*** Opening of Data shown ***
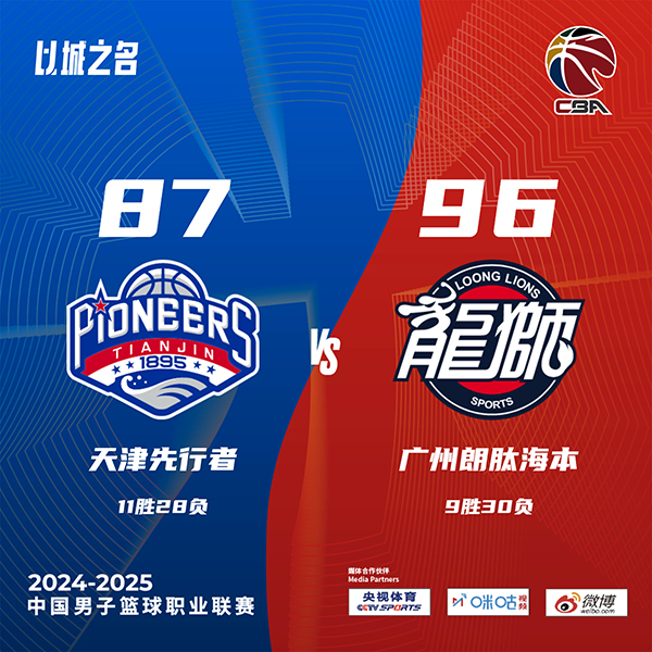 24直播网讯北京时间3月12日讯 CBA常规赛,天津最近遭遇3连败,广州上场比赛击败福建。开场后天津率先进入状态以12-2开局,广州在外线带领下逐渐找到节奏,天津内线占据优势保持领先。第二节上来天津外线手感冰凉,三分频频打铁,广州掀起一波攻势在半场结束时将比分反超。易边再战,两队依旧打得十分胶着,林庭谦和大卫-詹姆斯连中两记三分夺回领先,天津趁势追击将分差拉大。第四节袁照耀和富兰克林一阵三分雨下帮助广州再度反超比分,此后虽然天津努力追分,但于米提和富兰克林帮助广州巩固优势,最终广州96-87送给天津4连败。
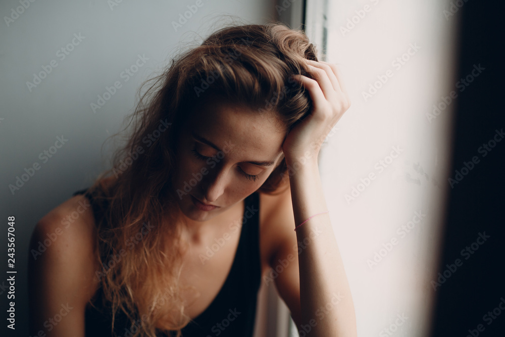 Adhesivo para pared Portrait of young beautiful woman near misted window
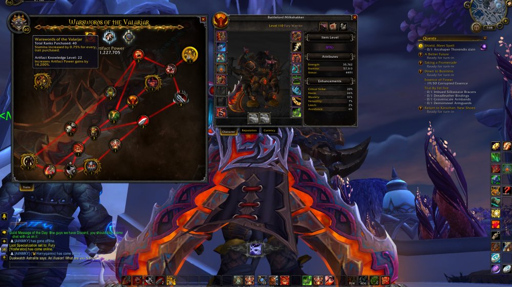 900 Fury Warrior = 2015 Achievs = 3 Legendaries, Two equipped = 40 traits Fury / 35 prot - 22 Ak lvl = 8/10 Heroic NH = 349 Eur
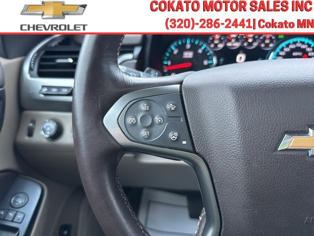 **LOCAL TRADE IN**, **POWER DRIVER & PWR PASS SEAT**, **SUNROOF/MOONROOF**, **NAVIGATION SYSTEM**, **BACKUP CAMERA**, **Bluetooth®**, **ANDROID AUTO/APPLE CARPLAY**, **WIRELESS CHARGING**, **CONVENIENCE PACKAGE**, **DVD ENTERTAINMENT SYSTEM**, **MEMORY PACKAGE**, **REMOTE START**, **BOSE HIGH END SOUND PACKAGE**, **POWER ADJUSTABLE PEDALS**, **110-VOLT POWER OUTLET**, **TRAILER PACKAGE**, **TRAILER BRAKE CONTROLLER**, **FRONT PARK ASSIST**, **REAR PARK ASSIST**, **HEATED STEERING WHEEL**, **HEATED SEATS**, **COOLED SEATS**, **REAR OUTBOARD HEATED SEATS**, **LANE DEPARTURE WARNING**, **FORWARD COLLISION ALERT**, **SIDE BLIND ZONE ALERT**, **LANE CHANGE ALERT**, **HEAD-UP DISPLAY**, **POWER REAR LIFTGATE**, **HANDS FREE POWER LIFTGATE**, Suburban Premier, 4D Sport Utility, EcoTec3 5.3L V8, 6-Speed Automatic Electronic with Overdrive, 4WD, Black, Cocoa/Dune Leather. 4WD 6-Speed Automatic Electronic with Overdrive EcoTec3 5.3L V8
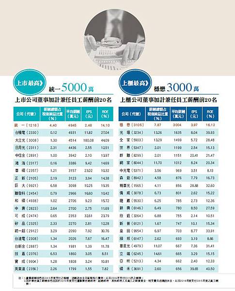 2014年上市公司平均每位董監事酬金最高前十名出爐,排名第一是上市公司中賺錢股王的台積電,平均每位董事可分得5,513萬元,其次是中信金的3,851萬元、統一超商的3,652萬元。但是公司一直處於營運虧損困境,董事依舊坐領酬金的公司,則有旺宏、錸德、華映、東森及正達等逾70家上市公司。
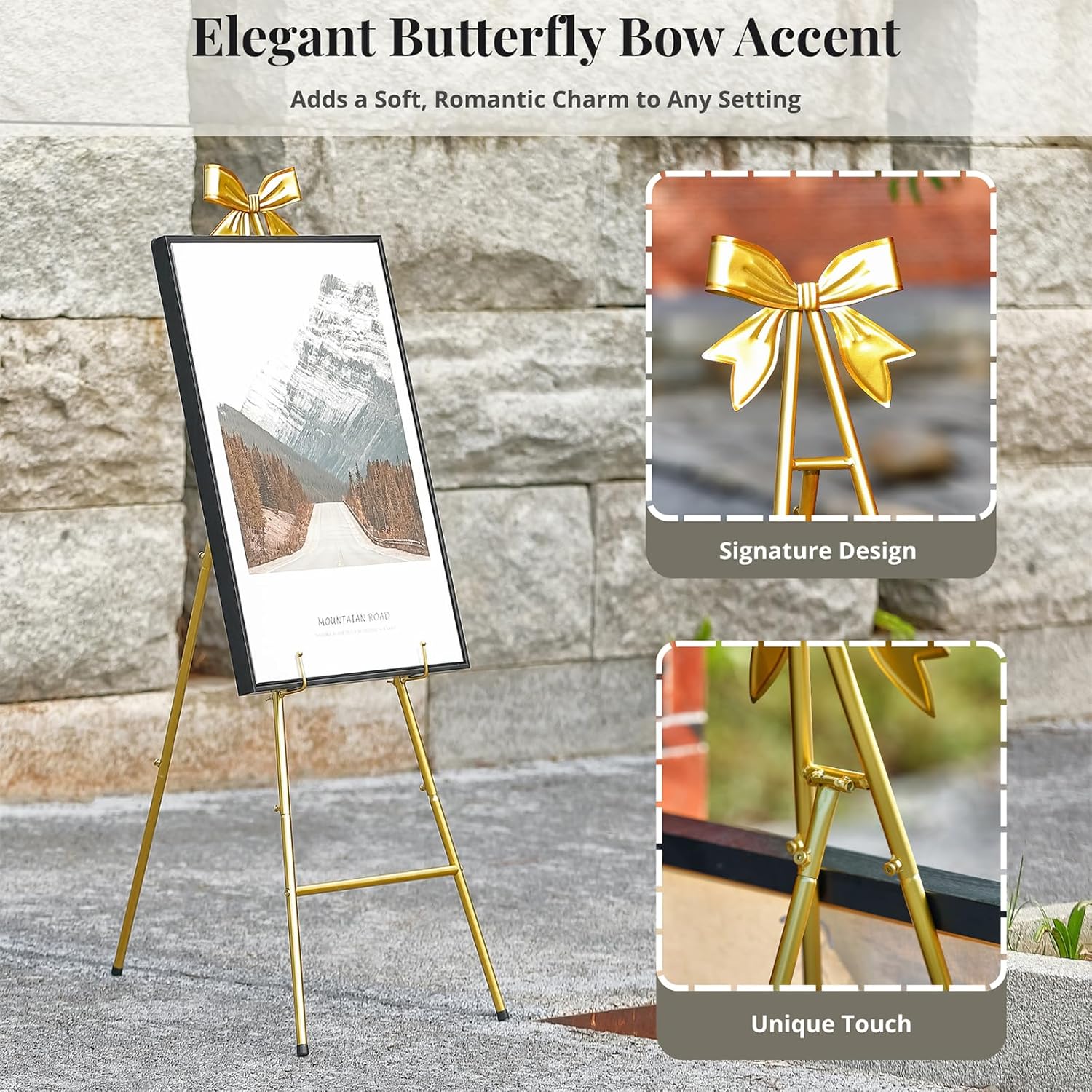 CaliDecor 53u201DH Metal Gold Easel Stand for Sign, Large Adjustable Display Standing with Butterfly Bow Top for Wedding Displaying Pictures Poster Holder Showcasing
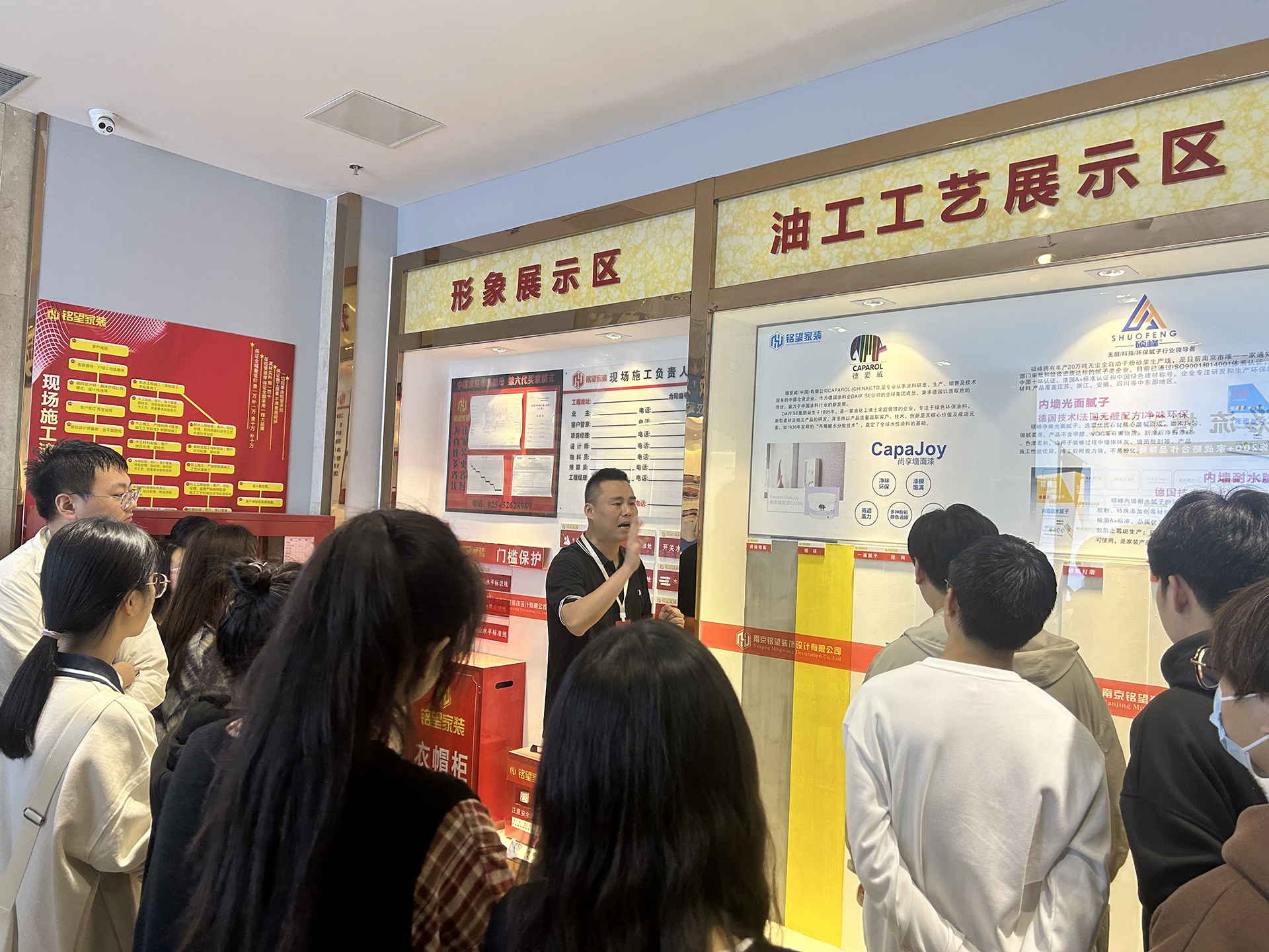 为进一步推动校企深度合作,促进课程教学的校企联动, 11月1日,《室内装饰材料与施工工艺》的课程负责人冯显静老师带领环境艺术设计专业224301班的同学们赴校企合作的单位南京铭望装饰有限公司上了一堂特色的专业课。
*** Close of Data shown ***
Task instructions.
All the records need to be retyped word for word, except for the pictures.

Result.
 24直播网讯北京时间3月12日讯 CBA常规赛,天津最近遭遇3连败,广州上场比赛击败福建。开场后天津率先进入状态以12-2开局,广州在外线带领下逐渐找到节奏,天津内线占据优势保持领先。第二节上来天津外线手感冰凉,三分频频打铁,广州掀起一波攻势在半场结束时将比分反超。易边再战,两队依旧打得十分胶着,林庭谦和大卫-詹姆斯连中两记三分夺回领先,天津趁势追击将分差拉大。第四节袁照耀和富兰克林一阵三分雨下帮助广州再度反超比分,此后虽然天津努力追分,但于米提和富兰克林帮助广州巩固优势,最终广州96-87送给天津4连败。
 Adhesivo para pared Portrait of young beautiful woman near misted window
 900 Fury Warrior = 2015 Achievs = 3 Legendaries, Two equipped = 40 traits Fury / 35 prot - 22 Ak lvl = 8/10 Heroic NH = 349 Eur
 **LOCAL TRADE IN**, **POWER DRIVER & PWR PASS SEAT**, **SUNROOF/MOONROOF**, **NAVIGATION SYSTEM**, **BACKUP CAMERA**, **Bluetooth®**, **ANDROID AUTO/APPLE CARPLAY**, **WIRELESS CHARGING**, **CONVENIENCE PACKAGE**, **DVD ENTERTAINMENT SYSTEM**, **MEMORY PACKAGE**, **REMOTE START**, **BOSE HIGH END SOUND PACKAGE**, **POWER ADJUSTABLE PEDALS**, **110-VOLT POWER OUTLET**, **TRAILER PACKAGE**, **TRAILER BRAKE CONTROLLER**, **FRONT PARK ASSIST**, **REAR PARK ASSIST**, **HEATED STEERING WHEEL**, **HEATED SEATS**, **COOLED SEATS**, **REAR OUTBOARD HEATED SEATS**, **LANE DEPARTURE WARNING**, **FORWARD COLLISION ALERT**, **SIDE BLIND ZONE ALERT**, **LANE CHANGE ALERT**, **HEAD-UP DISPLAY**, **POWER REAR LIFTGATE**, **HANDS FREE POWER LIFTGATE**, Suburban Premier, 4D Sport Utility, EcoTec3 5.3L V8, 6-Speed Automatic Electronic with Overdrive, 4WD, Black, Cocoa/Dune Leather. 4WD 6-Speed Automatic Electronic with Overdrive EcoTec3 5.3L V8
 2014年上市公司平均每位董監事酬金最高前十名出爐,排名第一是上市公司中賺錢股王的台積電,平均每位董事可分得5,513萬元,其次是中信金的3,851萬元、統一超商的3,652萬元。但是公司一直處於營運虧損困境,董事依舊坐領酬金的公司,則有旺宏、錸德、華映、東森及正達等逾70家上市公司。
 CaliDecor 53u201DH Metal Gold Easel Stand for Sign, Large Adjustable Display Standing with Butterfly Bow Top for Wedding Displaying Pictures Poster Holder Showcasing
 为进一步推动校企深度合作,促进课程教学的校企联动, 11月1日,《室内装饰材料与施工工艺》的课程负责人冯显静老师带领环境艺术设计专业224301班的同学们赴校企合作的单位南京铭望装饰有限公司上了一堂特色的专业课。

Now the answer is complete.